On top of that, I could see how strange it was for her to have me there, I could feel her body going back and forth on whether or not it was a good thing. This happened especially when another kid would turn and glance at us with an intense, curious face. Something was happening in the room that I didn’t know about, and whatever it was, that’s what Velvet’s intelligence was working on, or trying to feel her way through. The teacher’s suggestions were something she had to feel through too, and to do that she needed time to change the channel. I would’ve needed to do that too, and there wasn’t any time being allowed.

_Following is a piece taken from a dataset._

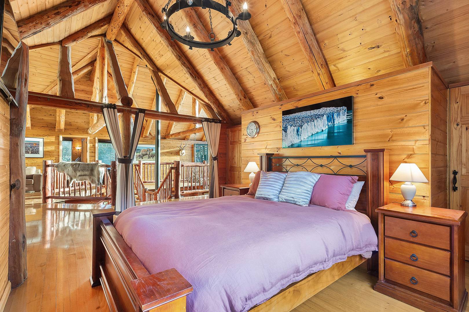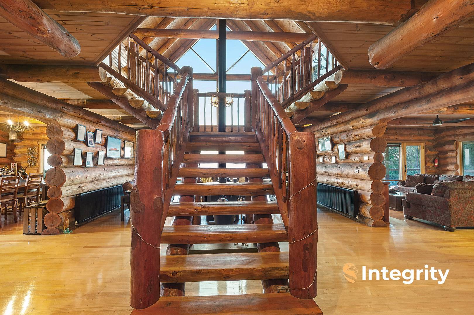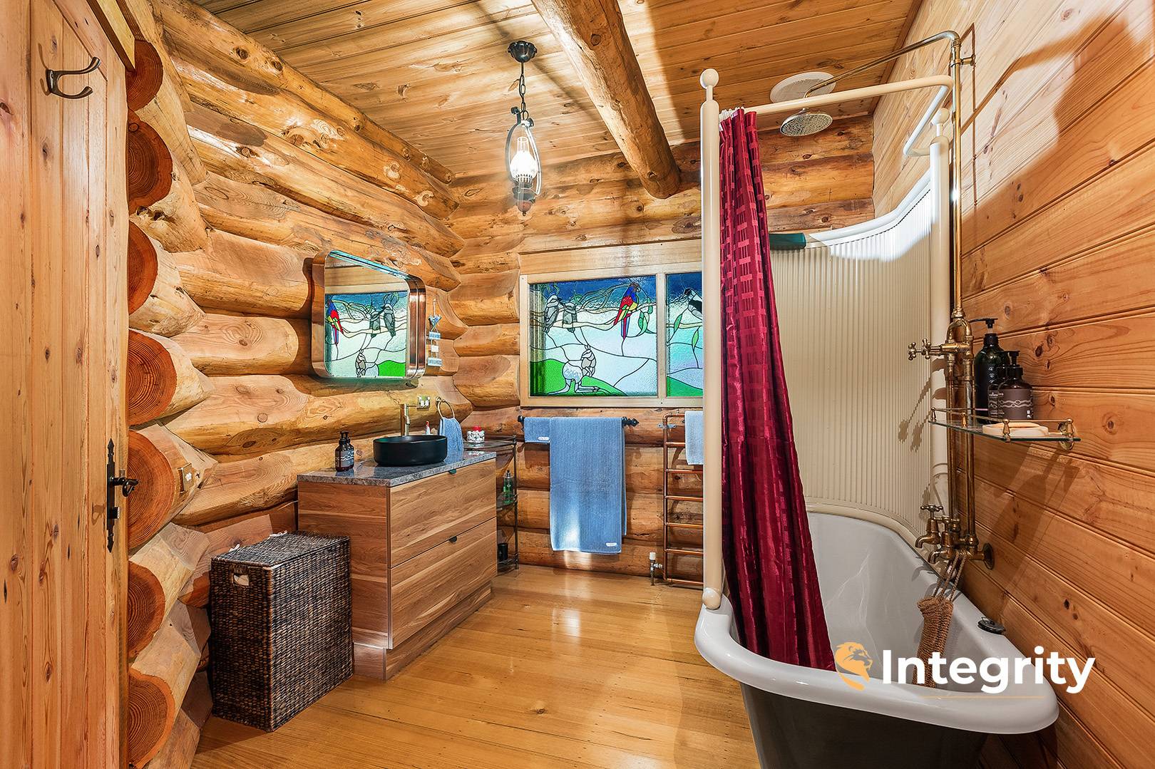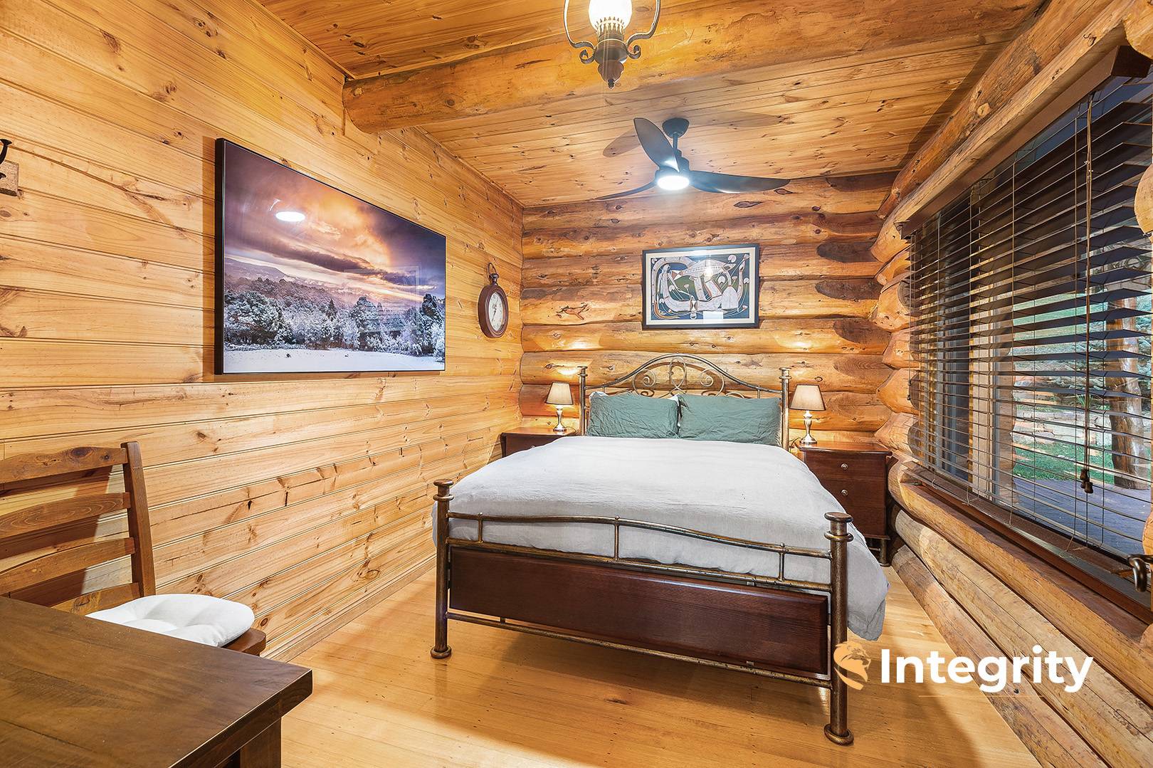 The unique, handcrafted Oregon log cabin perfectly blends rustic charm with luxury living. Spacious and inviting, it features 4 generous bedrooms, 2 bathrooms, an impressive formal lounge with cathedral ceilings, a cozy informal living area, dining room and mezzanine rumpus. The kitchen is a culinary haven with a premium Falcon stove and range hood, dishwasher and double sinks, adjoined by a spacious pantry. This is everything needed for carefree living and modern comfort.

“It’s too fast for me too,” I whispered to her.

“Really?” she said.

“Yeah.”

“Then why can everybody else do it?”

I shrugged. “I don’t know.” And I really didn’t. I thought, Great. Now she’ll think we’re both just stupid. Then I thought, Who cares, if this is supposed to be smart?

Velvet

When the class was over, Strawberry and Alicia wanted to walk out with me. They never did that before, and it was because of Ginger. Her hair was white and shiny, and she was wearing pants that looked like leather and her diamond ring on one hand and her gold on the other, smiling and talking all sweet. Strawberry’s eyes could not stop staring at her; Alicia’s mouth was open. And Ginger seemed to like it. Who likes to be stared at? A stuck-up person who thinks they all that. But Ginger didn’t think she was all that. Did she?

“Is it true you make paintings?” asked Alicia. “Are you an artist?”

So Strawberry’d talked to her even though I asked her not to.

“Yes,” said Ginger. “I don’t make money at it, I just do it because I love it.”

“Does that mean you’re rich?” asked Strawberry.

“No,” said Ginger. “Just that so far I haven’t made money. I would if I could.” And then she stopped in the hall in front of a picture of everybody in the class. “Oh, adorable!” she said.